Кио ку мицу! Совершенно секретно — при опасности сжечь! - Корольков Юрий Михайлович (лучшие бесплатные книги .TXT) 📗
Атаман Семенов выполнил заодно и поручение Итагаки — подсказал будущему императору написать письмо военному министру Японии по поводу трона: пусть посодействует — он согласен. Генри Пу-и написал такое письмо в соответствии с обычаем — на желтом шелке, и Чэн Сяо скрепил послание красной императорской печатью. Итагаки торжествовал — пусть посмеют теперь поддержать версию, что императора похитили! Пу-и сам рвался к императорскому трону, просил о поддержке…
…Когда Генри Пу-и было четыре года, точнее, три, потому что на Востоке возраст исчисляют с момента зачатия, он унаследовал трон Цинской династии, и отец повел его в храм Неба в Пекине, чтобы сообщить предкам о знаменательнейшем событии. Пу-и не помнил, какие слова он повторял шепотом в храме перед алтарем среди громадных золоченых колонн. Ему запомнилась только фиолетовая синева трехъярусной крыши, будто слитой с цветом неба, да белый пьедестал храма, окруженный мраморной кружевной балюстрадой.

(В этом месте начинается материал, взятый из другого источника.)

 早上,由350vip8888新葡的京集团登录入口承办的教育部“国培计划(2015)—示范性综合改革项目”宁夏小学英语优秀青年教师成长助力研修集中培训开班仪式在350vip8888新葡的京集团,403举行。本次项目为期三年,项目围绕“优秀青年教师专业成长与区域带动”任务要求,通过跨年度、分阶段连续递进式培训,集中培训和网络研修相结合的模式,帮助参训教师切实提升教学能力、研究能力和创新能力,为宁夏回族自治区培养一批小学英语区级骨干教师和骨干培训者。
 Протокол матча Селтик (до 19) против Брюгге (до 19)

Но что на всю жизнь запомнилось Пу-и — это Хуаньцю — Алтарь неба — на круглой, снежно-белой террасе. Мальчика-императора привели сюда и поставили в центре, подсказав произнести фразу:
«О Небо, я пришел к тебе!»
Пу— и произнес это слабеньким, детским голоском и вдруг испугался, услышав собственный громоподобный голос: «О Небо, я пришел к тебе!…» От могучих раскатов, казалось, обрушатся небесные своды.
Это было искусство акустики — изобретение древних, но маленький Пу-и с того момента возомнил себя великим из великих, ощутил в себе императора — ведь он говорил с небом, и его голос гремел как гром…
Теперь Пу-и, назначенный японским полковником на пост императора, снова шел в храм, одетый, как того требует ритуал, в древние маньчжурские одеяния, шел, чтобы поклониться алтарю, известить предков о своем назначении. Но сейчас у него не возникало ощущения торжественности, которое он испытал тогда в храме Неба. На душе было как-то обычно, буднично…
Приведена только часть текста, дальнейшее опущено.